GridSearchCV exhaustively tries all combinations of hyperparameters you provide in the grid.For each combination, it performs cross-validation (here 5-fold) to measure model performance.It returns the combination that gives the best performance score (in this case, lowest RMSE).
Small search space:

My parameter grid is relatively small:
n_estimators: 2 options (50, 100)
max_depth: 3 options (None, 10, 20)
min_samples_split: 2 options (2, 5)
→ 2 × 3 × 2 = 12 combinations
Since the total number of combinations is small (12), an exhaustive search is feasible and reliable.
GridSearch ensures that every single combination is evaluated, which gives me confidence that the selected hyperparameters are truly optimal from the options I chose. Since all combinations are tested systematically, results are deterministic and reproducible, especially useful when using random_state.

RandomizedSearchCV randomly selects a subset of combinations from the parameter space. It is useful when the search space is huge or training is time-consuming. But in my case, The grid was small. I wanted an exhaustive and complete evaluation. So, I didn't need the randomness or approximation of RandomizedSearchCV.

In [None]:
gb_pipe = Pipeline([
    ('model', GradientBoostingRegressor(random_state=42))
])

gb_param_grid = {
    'model__n_estimators': [100, 200],
    'model__learning_rate': [0.05, 0.1],
    'model__max_depth': [3, 5]
}

gb_grid = GridSearchCV(estimator=gb_pipe,
                       param_grid=gb_param_grid,
                       scoring='neg_root_mean_squared_error',
                       cv=5,
                       n_jobs=-1,
                       verbose=1)

gb_grid.fit(X_train, y_train)

print("🔍 Best GB RMSE (CV):", -gb_grid.best_score_)
print("🏆 Best GB Parameters:", gb_grid.best_params_)
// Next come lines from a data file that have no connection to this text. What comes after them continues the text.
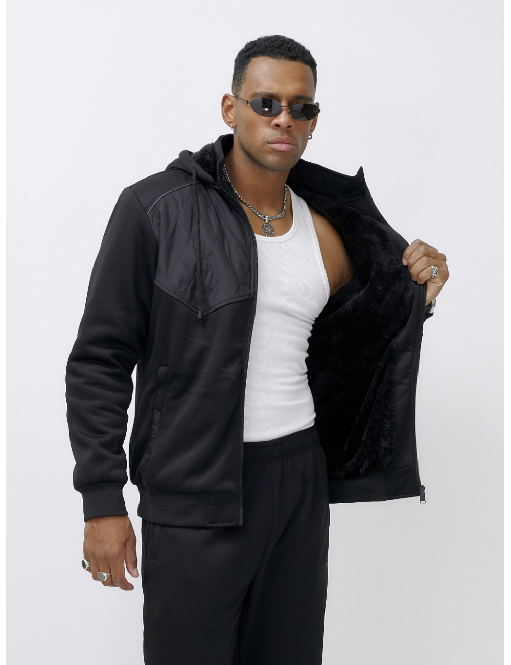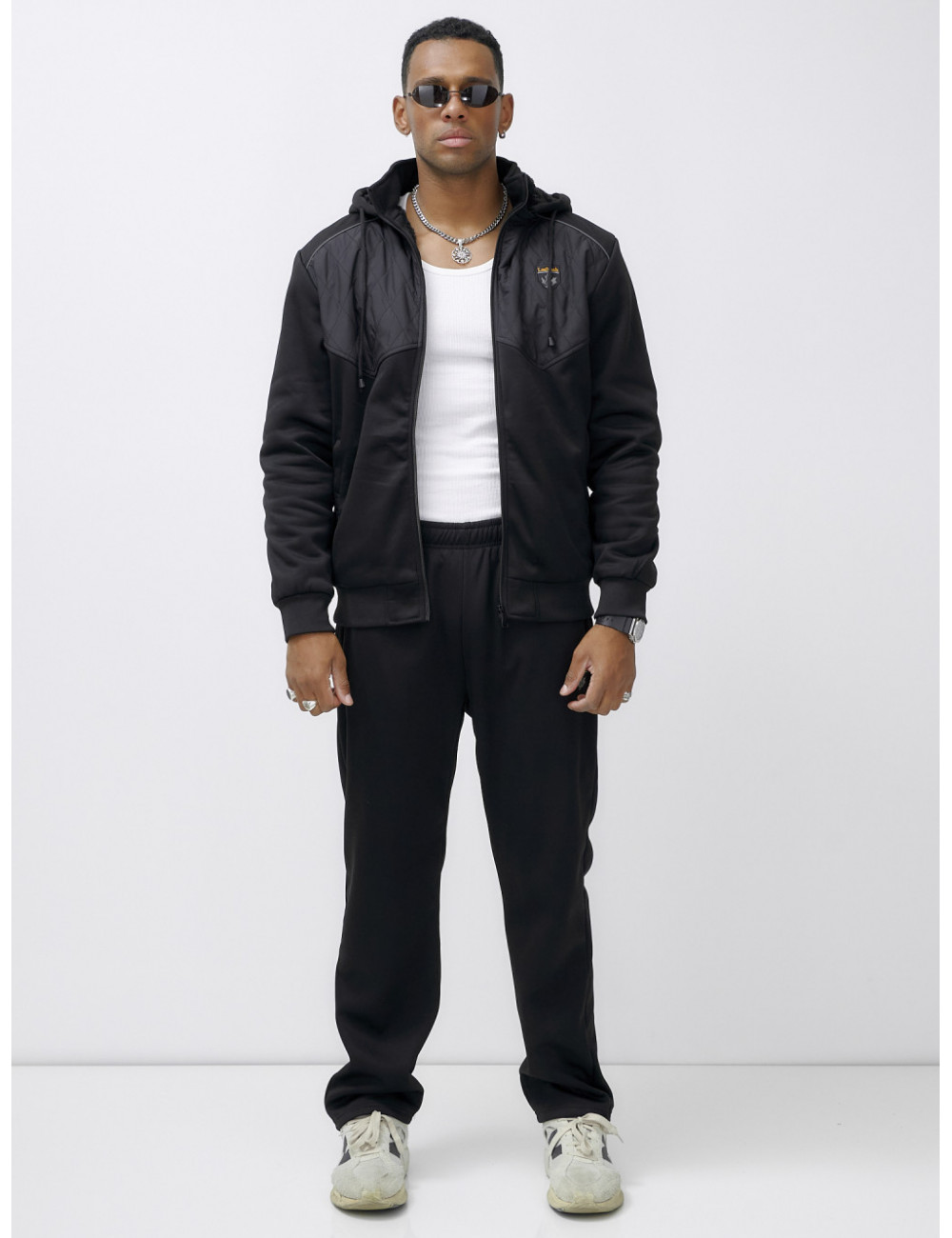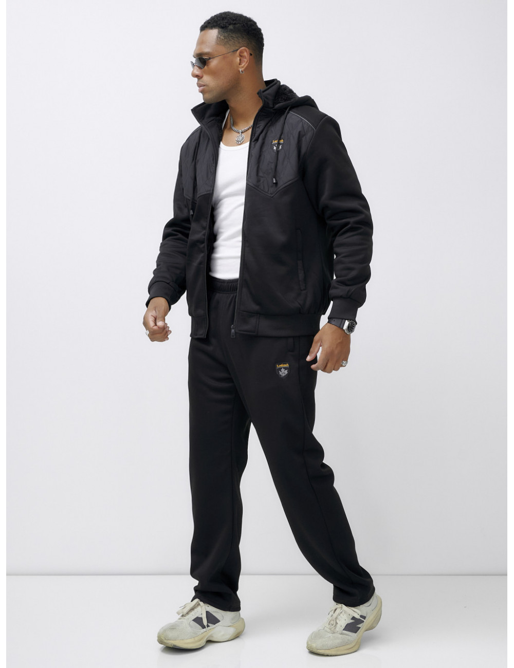 Этот костюм можно сочетать с термобельём и тёплыми ботинками для максимального комфорта в холодное время года. Также он отлично подойдёт к зимним аксессуарам, таким как шапки и перчатки в тон. Доставка по Москве и Московской области Мужской зимний спортивный костюм с начёсом, чёрный.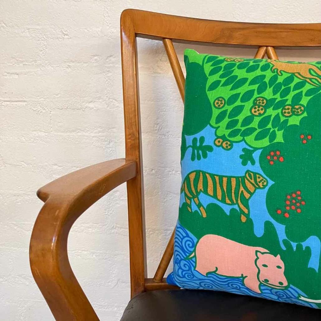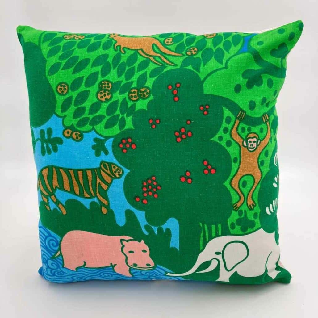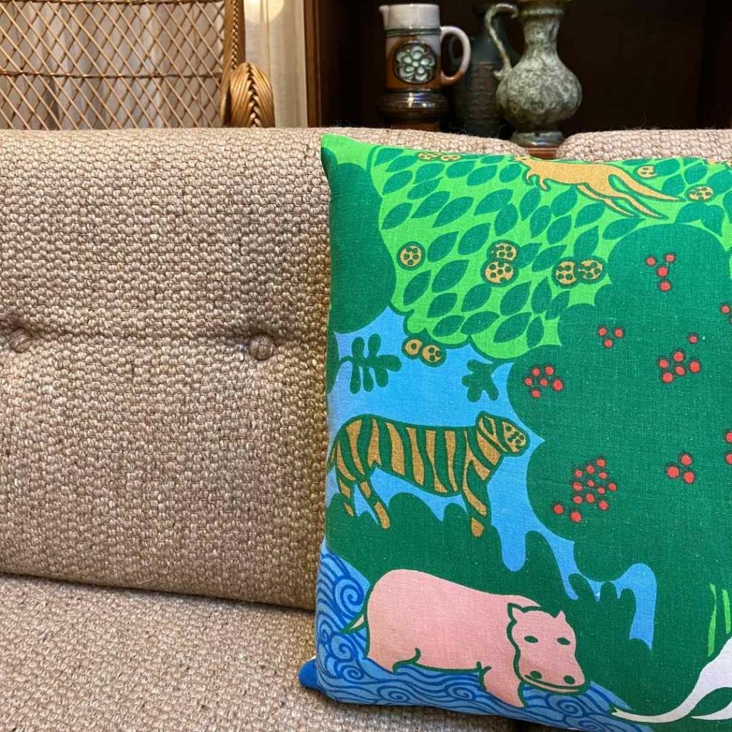 Vrolijk kussen van een vintage stof van de Zweedse vormgever Anna-Lena Emdén. De stof heet Adam en Eva. De achterkant van het kussen is gemaakt van een beige stof met een lichte glans.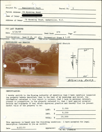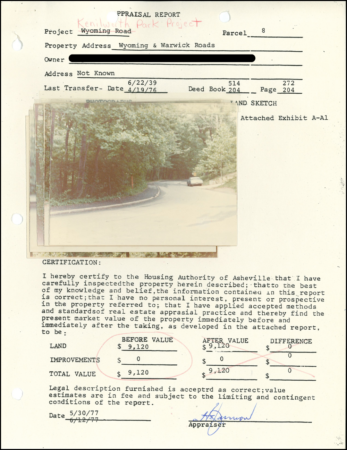 within the designated community development area and one of them mentioned the former Abograst Estate. While engineers deemed the site less than ideal, no other suitable locations emerged and the City of Asheville contracted with the Housing Authority of the City of Asheville (HACA) for property acquisitions and relocation services for affected residents.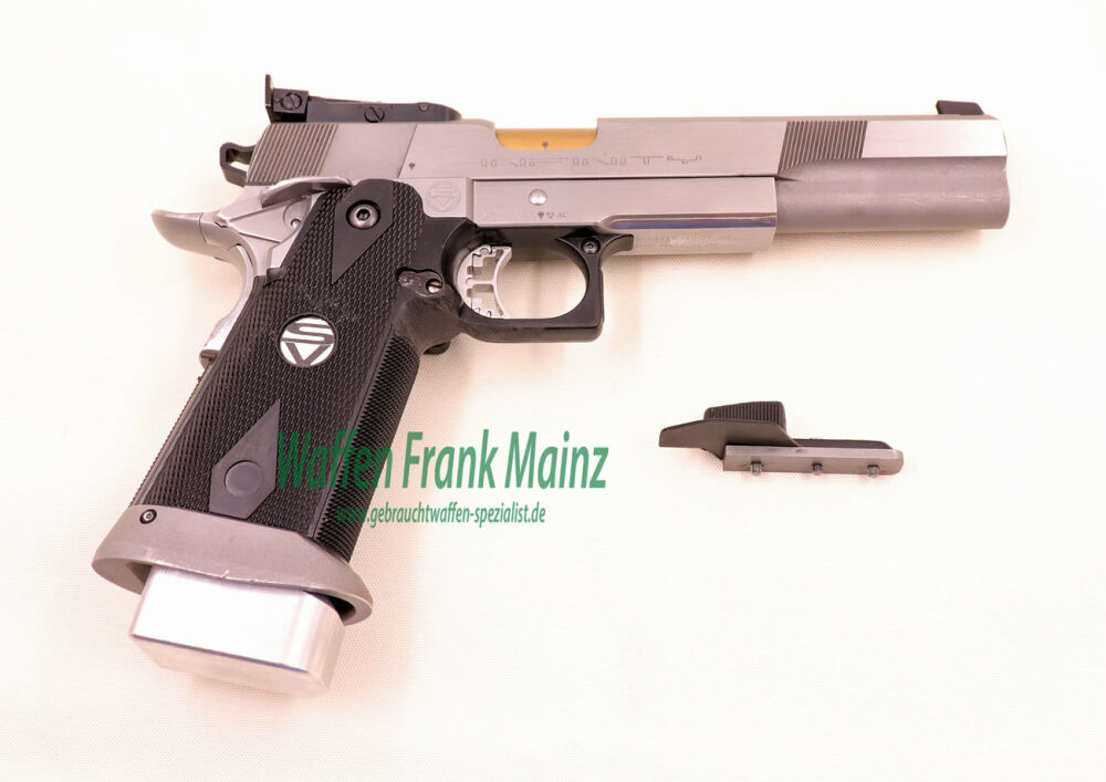 aus Sammlungsauflösung, wenig geschossen, Stainless-Ausführung, Griffstück Polymer, mit 20+1 Schuss Magazin mit Aluboden (weitere ab Lager lieferbar), einstellbarer Abzug, Hahn und Magazinhebel skelettiert, verstellbares Aristocrat-Matchvisier in dreifacher Positionierung, mit original Schuemann Ultimatch/AET Lauf in goldfarbener Plasmabeschichtung, mit zusätzlich abschraubbarer, linksseitiger Daumenauflage......der Formel 1 Porsche für den IPSC-Schützen....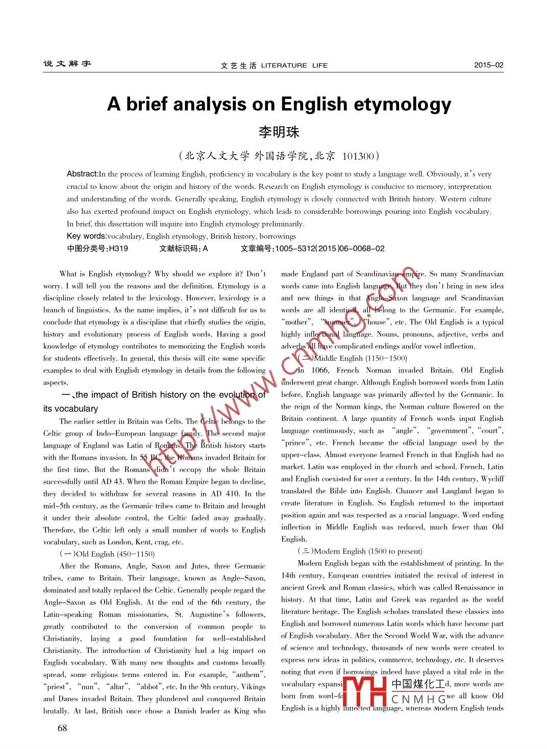 說(shuō)文解字文藝生活LITERATURE LIFE2015-02A brief analysis on English etymology李明珠(北京人文大學(xué)外國(guó)語(yǔ)學(xué)院,北京101300)Abstract:In the process of learning English, proficiency in vocabulary is the key point to study a language well. Obviously, it' s verycrucial to know about the origin and history of the words. Research on English etymology is conducive to memory, interpretationand understanding of the words. Generally speaking, English etymology is closely connected with British history. W estern culturealso has exerted profound impact on English etymology, which leads to considerable borrowings pouring into English vocabulary.In brief, this disertation will inquire into English etymology preliminarily.Key words:vocabulary, English etymology, British history, borrowings中圖分類(lèi)號(hào):H319文獻(xiàn)標(biāo)識(shí)碼:A文章編號(hào):1005- 5312(2015 )06- -0068 -02What is English etymology? Why should we explore it? Don' t made England part of Scandinavian empire. So many Scandinavianworry. I will tell you the reasons and the definition. Etymology is a words came into English language. But they don' t bring in new ideadiscipline closely related to the lexicology. However, lexicology is a and new things in that Anglo- Saxon language and Scandinavianbranch of linguistics. As the name implies, it' s not difficult for us to words are all identical, all belong to the Germanic. For example,conclude that etymology is a discipline that chielly studies the origin,‘mother ’,“ summer',“house' ', etc. The Old English is a typicalknowledge of etymology contributes to memorizing the English words adverbs all have complicated endings and/or vowel inflection.for students effectively. In general, this thesis will cite some specifie(二)Middle English (1150- 1500)examples to deal with English etymology in details from the followingIn 1066, French Norman invaded Britain. Old Englishaspects.underwent great change. Although English borrowed words from Latin-、the impact of British history on the evolution of before, English language was primarily afected by the Germanic. Inits vocabularythe reign of the Norman kings, the Norman culture flowered on theThe earlier sttler in Britain was Celts. The Celtic belongs to theBritain continent. A large quantity of French words input EnglishCeltic group of Indo-Eurpean language family. The second major language continuously,language of England was Latin of Romans. The Brtish history starts prince, etc. French became the oficial language used by thewith the Romans invasion. In 55 BC, the Romans invaded Britain forupper- -class. Almost everyone learned French in that English had nothe frst time. But the Romans didn't oceupy the whole Britain market. Latin was employed in the church and scool. French, Latinsesauly unil AD 43. When the Roman Empire began to dedine, and English coexisted for over a century. In the 14h cntury, Wyelifthey decided to withdraw for several reasons in AD 410. In thetranslated the Bible into English. Chaucer and Langland began tomid-5th century, as the Germanic tribes came to Britain and brought create lierature in English. So Englsh returned to the importatit under their absolute control, the Celie faded away gradually position agin and was respected as a crucial language. Word endingTherefore, the Celtic left only a small number of words to Englishinflection in Middle English was reduced, much fewer than OldEnglish.vocabulary, such as London, Kent, crag, etc.(一)Old English (450-1150)(三)Modern Engish (1500 to present)Afer the Romans, Angle, Saxon and Jutes, three GermanicModern English began with the establishment of printing. In thetribes, came to Britain. Their language, known as Angle- Saxon,14th century, European countries initiated the revival of interest indominated and totally replaced the Celtic. Generally people regard theancient Greek and Roman classics, which was called Renaissance inAngle- -Saxon as Old English. At the end of the 6th century, thehistory. At that time, Latin and Greek was regarded as the worldLatin-speaking Roman missionaries, St. Augustine' s followers,literature heritage. The English scholars translated these classics intogrealy contributed to the convesion of common peple to English and brrowed numerous Latin words which have become partChristianity,laying a good foundation for well-establishedof English vocabulary. After the Second World W ar, with the advanceChristianity. The introduction of Christianity had a big impact onof science and technology, thousands of new words were created toEnglish vocabulary. With many new thoughts and customs broadly express new ideas in politics. conmerce, technology, eltc. It deservesspread, some rligous terms entered in. For example, “amthem”, noing that even if borowings indeed have played a vital role in the“priest”,“nun’ ,‘altar' ,“ abbot”, etc. In the 9th century, Vikings中國(guó)煤化工d, more words areand Danes invaded Britain. They plundered and conquered Britainborn from word: -f(YHCNMH Gwe all know Oldbrutally. At last, British once chose a Danish leader as King who English is a highly Ttteted language, whereas Modem English tends682015- -02.文藝生活LITERATURE LIFE說(shuō)文解字to become the analytic language with words endings mostly lost. They“kulak”is from“kyrak”(Russian)are quite different from each other.4.Semantic-loans二.the influence of foreign words on the Englishvocabularying instead of the form. Their form is native. In other words, the exist-(一) What is the foreign wordsing words of English are endowed with new meanings. Take“ dream”"By origin, English words can be divided into natve words and for example. Its original meaning was‘hppnes" and' 'music ,foreign words. Native words are originated from the Germanic tribes whereas its modem meaning was borowed from Old Norse. Besides,including Angle, Saxon and Jutes, also known as A

### 🎯 Hyperparameter Tuning: Gradient Boosting

To improve the performance of Gradient Boosting Regressor, I performed hyperparameter tuning using GridSearchCV with 5-fold cross-validation.

The grid included:
- `n_estimators`: [100, 200]
- `learning_rate`: [0.05, 0.1]
- `max_depth`: [3, 5]

**Best RMSE (CV):** 3.3855  
**Best Parameters:**
- learning_rate = 0.1
- max_depth = 5
- n_estimators = 100

These values strike a balance between underfitting and overfitting, leading to a more generalizable model.


In [None]:
xgb_pipe = Pipeline([
    ('model', XGBRegressor(random_state=42, verbosity=0))
])

xgb_param_grid = {
    'model__n_estimators': [100, 200],
    'model__learning_rate': [0.05, 0.1],
    'model__max_depth': [3, 5]
}

xgb_grid = GridSearchCV(estimator=xgb_pipe,
                        param_grid=xgb_param_grid,
                        scoring='neg_root_mean_squared_error',
                        cv=5,
                        n_jobs=-1,
                        verbose=1)

xgb_grid.fit(X_train, y_train)

print("🔍 Best XGB RMSE (CV):", -xgb_grid.best_score_)
print("🏆 Best XGB Parameters:", xgb_grid.best_params_)


### 🎯 Hyperparameter Tuning: XGBoost Regressor

XGBoost was tuned using GridSearchCV with 5-fold cross-validation.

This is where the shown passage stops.